Dominos Pizza Group 

Risk-Adjusted Performance

0 of 100

 
Weak
 
Strong
Very Weak
Over the last 90 days Dominos Pizza Group has generated negative risk-adjusted returns adding no value to investors with long positions. In spite of rather sound technical and fundamental indicators, Dominos Pizza is not utilizing all of its potentials. The newest stock price tumult, may contribute to shorter-term losses for the shareholders.

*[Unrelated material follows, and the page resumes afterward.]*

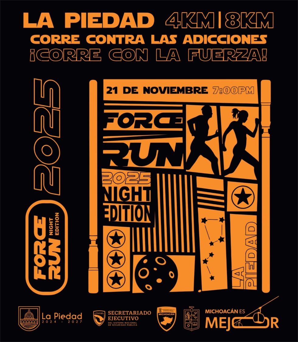 Con la intención de impulsar y promover la activación física en la población, el Gobierno Municipal de La Piedad, en colaboración con el Gobierno del Estado a través del Secretariado Ejecutivo del Sistema Nacional y Estatal de Seguridad Pública, invitan al FORCE RUN.
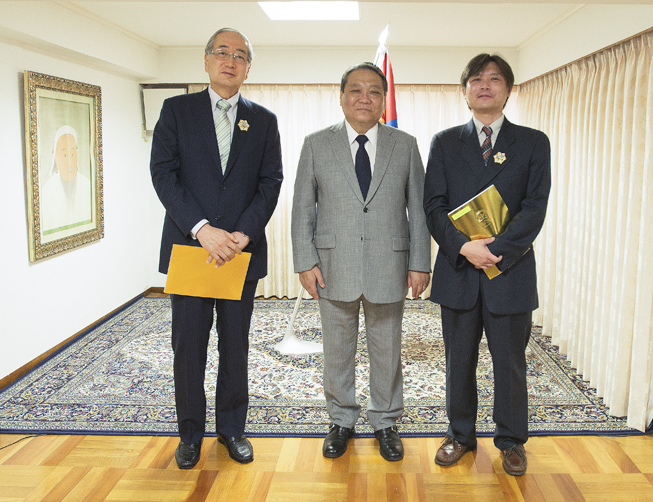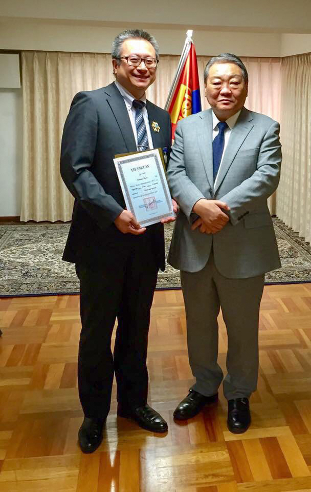授与式は7月26日に駐日モンゴル国大使館で行われ、駐日モンゴル国全権大使S.フレルバートル閣下から勲章を拝受しました。「北極星勲章」は、モンゴルにおける最高の国家勲章であり、外国人に授与される勲章の中では最高位のものです。2017

Polar Capital and Dominos Pizza Volatility Contrast

   Predicted Return Density   
       Returns  

Pair Trading with Polar Capital and Dominos Pizza

The main advantage of trading using opposite Polar Capital and Dominos Pizza positions is that it hedges away some unsystematic risk. Because of two separate transactions, even if Polar Capital position performs unexpectedly, Dominos Pizza can make up some of the losses. Pair trading also minimizes risk from directional movements in the market. For example, if an entire industry or sector drops because of unexpected headlines, the short position in Dominos Pizza will offset losses from the drop in Dominos Pizza's long position.
The idea behind Polar Capital Technology and Dominos Pizza Group pairs trading is to make the combined position market-neutral, meaning the overall market's direction will not affect its win or loss (or potential downside or upside). This can be achieved by designing a pairs trade with two highly correlated stocks or equities that operate in a similar space or sector, making it possible to obtain profits through simple and relatively low-risk investment.
Check out your portfolio center.
Note that this page's information should be used as a complementary analysis to find the right mix of equity instruments to add to your existing portfolios or create a brand new portfolio. You can also try the Alpha Finder module to use alpha and beta coefficients to find investment opportunities after accounting for the risk.